Où est créée la valeur en France ?
L’idée semble s’être installée que la production de biens et de services dégage trop peu de valeur et n’a plus d’intérêt économique, pour les entreprises comme pour les territoires, que ce soit au nom de l’économie de la connaissance ou symétriquement de l’économie de la fonctionnalité. Nous avons tous en tête cette smiling curve mythique expliquant aux milieux d’affaires où se situent les « vrais » gisements de valeur. En revenant sur cette courbe du sourire, sur ce qu’elle dit et ne dit pas, nous rappelons dans cette synthèse le poids déterminant qu’occupe en réalité l’étape de production dans la création de valeur, aussi bien en France que dans les autres pays développés.
Les entreprises remettent régulièrement en question leurs modèles d’affaires, pour se positionner sur les segments à forte « création de valeur ». Pour beaucoup, cette expression désigne les activités situées en amont de la production, comme par exemple la recherche et développement, ou en aval, comme la vente de services personnalisés.
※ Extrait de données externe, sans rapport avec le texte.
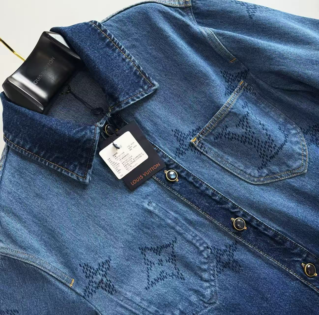 這款牛仔外套以經典翻領剪裁與直筒版型為基調,線條俐落、結構感強,輕鬆修飾身形比例。從淺至深漸變牛仔藍搭配定織Monogram老花,圖案立體細膩、層次分明;激光鐳射雕刻技術精準呈現漸變紋理,水洗工藝營造自然做舊感,毛鬚邊緣反覆對版原版,絕不突兀。專業鎖邊+疊鎖縫設計,耐穿不散邊,細節處處彰顯工藝。無論單穿還是內搭毛衣,這件外套都能為你的造型注入滿滿的復古老花街頭風!

De là s’est généralisée l’idée qu’il serait bénéfique pour un pays développé de spécialiser son économie dans ces deux domaines situés aux antipodes des chaînes de valeur, autrement dit de réduire ses activités purement productives, réputées trop concurrentielles et donc à marges trop faibles.
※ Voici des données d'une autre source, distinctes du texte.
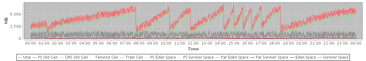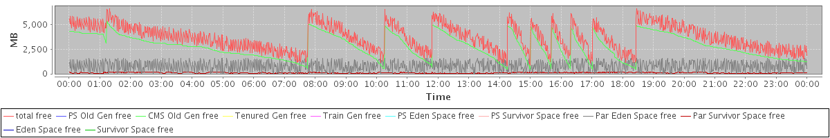 avg(total free) = 3671.88 avg(PS Old Gen free) = 0.00 avg(CMS Old Gen free) = 2772.88 avg(Tenured Gen free) = 0.00 avg(Train Gen free) = 0.00 avg(PS Eden Space free) = 0.00 avg(PS Survivor Space free) = 0.00 avg(Par Eden Space free) = 799.64 avg(Par Survivor Space free) = 99.35 avg(Eden Space free) = 0.00 avg(Survivor Space free) = 0.00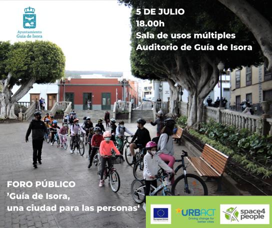 Guía de Isora ha sido una de las 10 ciudades europeas seleccionadas para formar parte del proyecto SPACE4PEOPLE “CO-CREATIVE PLANNING PROCESSES TO ASSESS, EVALUATE AND IMPROVE PUBLIC SPACE USE FOR TRANSPORT TO CREATE MORE ATTRACTIVE, ACCESSIBLE, INCLUSIVE AND LIVEABLE PUBLIC SPACES FOR PEOPLE”. La red tiene como objetivo que las ciudades mejoren su capacidad de gestión del uso del espacio público, centrándose en tres áreas esenciales: 1) Conexiones peatonales y espacios peatonales, 2) Aparcamientos y transporte urbano, y 3) Intermodalidad.

Ainsi dans les années 1990 et 2000, différentes études portant notamment sur des produits électroniques ont « montré » que la création de valeur se situait en amont et en aval de la chaîne de valeur. La courbe dite « du sourire », évoquée pour la première fois en 1992 par Stan Shih, fondateur d’Acer, a gravé cette idée dans le marbre. Cette courbe s’appuyait pourtant sur des études de cas très spécifiques ; et c’est sans argument scientifique sérieux qu’elle a été rapidement généralisée, appliquée à toutes sortes d’entreprises voire à des pays entiers.
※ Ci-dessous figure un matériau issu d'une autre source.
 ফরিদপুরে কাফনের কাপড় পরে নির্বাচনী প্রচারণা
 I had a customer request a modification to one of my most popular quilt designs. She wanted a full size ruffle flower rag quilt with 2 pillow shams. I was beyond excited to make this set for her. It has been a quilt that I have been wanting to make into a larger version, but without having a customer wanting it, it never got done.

Nous déterminons, sur la base des dernières données disponibles, où est créée la valeur en France et en Europe. Il en ressort la distinction importante suivante. La valeur créée par travailleur est en effet plus forte en amont et en aval de la production. Mais les effectifs concernés sont tellement différents que, sur l’ensemble du territoire national, l’activité de fabrication est de loin la première source de valeur totale. Cela est vrai aussi bien en France que dans les pays européens comparables et vaut tant pour les chaînes de valeur manufacturières que pour les industries de services. Toutes fonctions confondues, la valeur créée par travailleur est légèrement supérieure en France qu’en Allemagne. Un travailleur allemand crée plus de valeur que son homologue français au sein des étapes situées en amont : la conception et la R&D. La travailleur français crée davantage de valeur dans les étapes situées en aval : le marketing et la distribution.